## PROBLEM
Give the number of lines in the data that contain "family", and nothing more.

## MATERIAL TO PROCESS
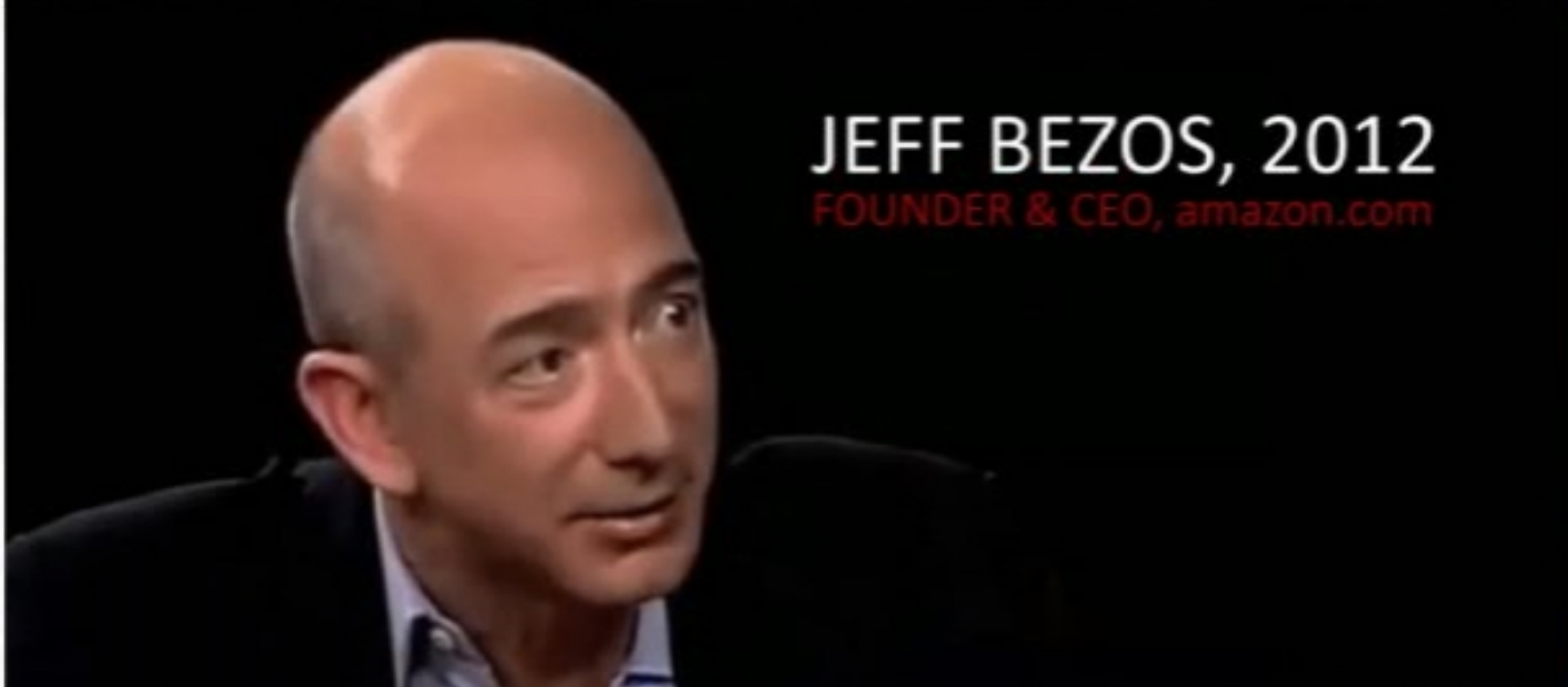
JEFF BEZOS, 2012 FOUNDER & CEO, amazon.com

...

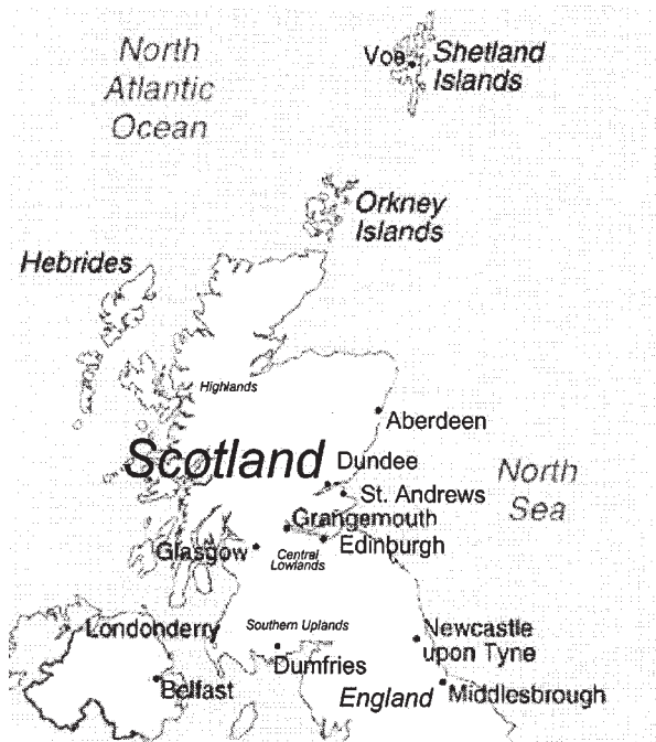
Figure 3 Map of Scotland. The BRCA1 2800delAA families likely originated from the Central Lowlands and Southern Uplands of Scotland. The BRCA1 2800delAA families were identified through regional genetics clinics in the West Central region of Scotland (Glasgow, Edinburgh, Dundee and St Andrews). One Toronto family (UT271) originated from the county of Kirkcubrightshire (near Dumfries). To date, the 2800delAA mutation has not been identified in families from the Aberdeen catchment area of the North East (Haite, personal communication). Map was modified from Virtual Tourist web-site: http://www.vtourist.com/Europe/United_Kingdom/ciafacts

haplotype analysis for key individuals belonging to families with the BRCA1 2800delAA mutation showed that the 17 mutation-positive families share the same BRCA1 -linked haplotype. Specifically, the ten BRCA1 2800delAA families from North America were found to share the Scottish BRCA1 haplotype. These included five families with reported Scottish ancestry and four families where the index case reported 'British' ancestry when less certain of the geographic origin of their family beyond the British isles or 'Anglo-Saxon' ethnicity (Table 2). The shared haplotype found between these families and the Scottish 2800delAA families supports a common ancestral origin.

* * *

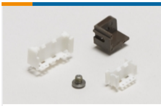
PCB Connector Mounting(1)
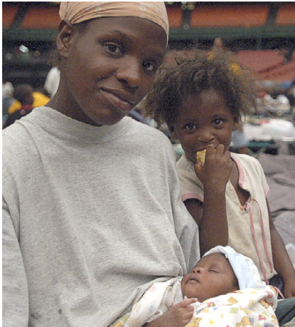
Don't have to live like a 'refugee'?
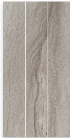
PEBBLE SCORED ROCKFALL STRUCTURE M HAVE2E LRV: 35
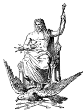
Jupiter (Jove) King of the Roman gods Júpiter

## ANSWER SPACE
2